Unity's CopyTo / CopyFrom implementation
found in NativeArray
Ooh right.
Looks like it basically does what I'm doing
without the fixed { } block somehow
Although now that I think of it, the fixed { } block probably just compiles to what Unity has in their implementation
i'm at a point where I'd like to start a job from a job 😄
hahaha, yep
Its like the "I want to put a prefab in a prefab" for people working with DOTS
at some point everyone gets there
then disappointment hits
or figure out a better way to create data in a job that is used to start the actual job then. NativeStream is the best solution I've found but even that is not async in that sense, takes a lot of time and blocks the main job
hello guys do you know any best tutorial for dots 2021 😦
Yeah I often chain Jobs for this reason
iam begging to understand ECS system
hey me too
Oh boy. So are we.
every version has differnt defenition
like
World.Active.EntityManager
1.8 dosent exist
WTH ??
its keep changing
0.18 is dead. Long live 0.21 (eta 203X)
I just stick with Entities 0.17 because I understand it and it works
loop vectorization and pain
it's World.DefaultGameObjectInjectionWorld.EntityManager for a long time now
impossible
can i punch my face
wait, are you using hybrid renderer?
Ah, yea. Dont.
lol
WHAT DO YOU SUGGEST
i have so many instantiated objects
around
10,000 to 50,000
units
runs 0.1fps
Use com.unity.entities. Documentation is here: https://docs.unity3d.com/Packages/com.unity.entities@latest
good lord, can you type sentences?
@frigid wigeon Type properly please
Basically understand what is Entities first (without even displaying anything). Then try to use Hybrid Renderer to try and render things
We're all here trying to understand what Entities is so, yea.
😦
I still use Graphics.DrawMesh instead of the hybrid renderer because at least I know it will work
even though I'm leaving a lot of performance on the table
Also still Unity 2020.1.9f. Unless there is a compelling reason to update, I usually dont.

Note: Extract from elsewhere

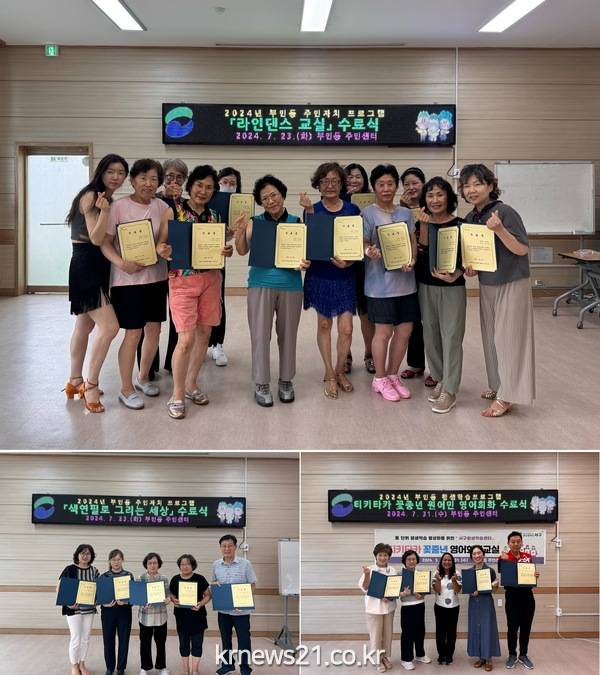 서구 부민동 주민자치 위원회(위원장 최태범)는 2024년 상반기 주민자치 프로그램으로 진행했던 『라인댄스』, 『색연필 그리기 교실』과 평생학습센터 사업으로 진행했던 『티키타카 원어민 영어 회화』 프로그램 수료식을 개최하였다.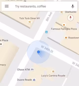 Google Maps incorpora una esfera y un foco azules a nuestra posición para orientarnos mejor

Burst I think has minimum required version of 2020.2+
Huh, it works over here for me
Maybe its a newer version you're thinking about
Here's my journey: Understand how to schedule an IJob -> Understand how to schedule an IJobParallel -> Understand what Burst is -> Install Entities
HybridRenderer is good for static/non-moving objects out of the box. For many moving ones it gets a lot more complicated because the Transform/Hierarchy system gets in the way and needs to be tamed
I'm using Burst 1.4.1
2019.4+. Not 2020.2. Dont know where I got that from
2021.2+ for the standalone version... I think. no clue what BurstAoTCompiler is
Oh Ahead-of-time compiler?
yea
JIT in editor, AoT in build
Ah
I've compiled my project in 2020.3 perfectly fine so no clue what it means
But yea, dont use DOTS right now. It's not friendly to new programmers
iam not new 😦
Stick with regular Unity. DOTS will not be ready for another 2 or 3 years
Do you know what Burst is?
Yep, that's Entities. Really dense "documentation" that's great as an overview but honestly doesnt explain any DOTS programming patters at all
thats true
And here's Burst: https://docs.unity3d.com/Packages/com.unity.burst@1.7/manual/index.html
thanks 😄
Forget entities, it's basically useless until you know what Burst is inside and out. Try to start in Monobehavior scripts located on your camera and try to do things with IJobs
this will fix my frame issues 😦 ?
Theoretically: Yes. Practically: No. Not unless you basically rewrite your entire game from the ground up.
Burst isnt just a fancy compiler, it's a "~lifestyle~".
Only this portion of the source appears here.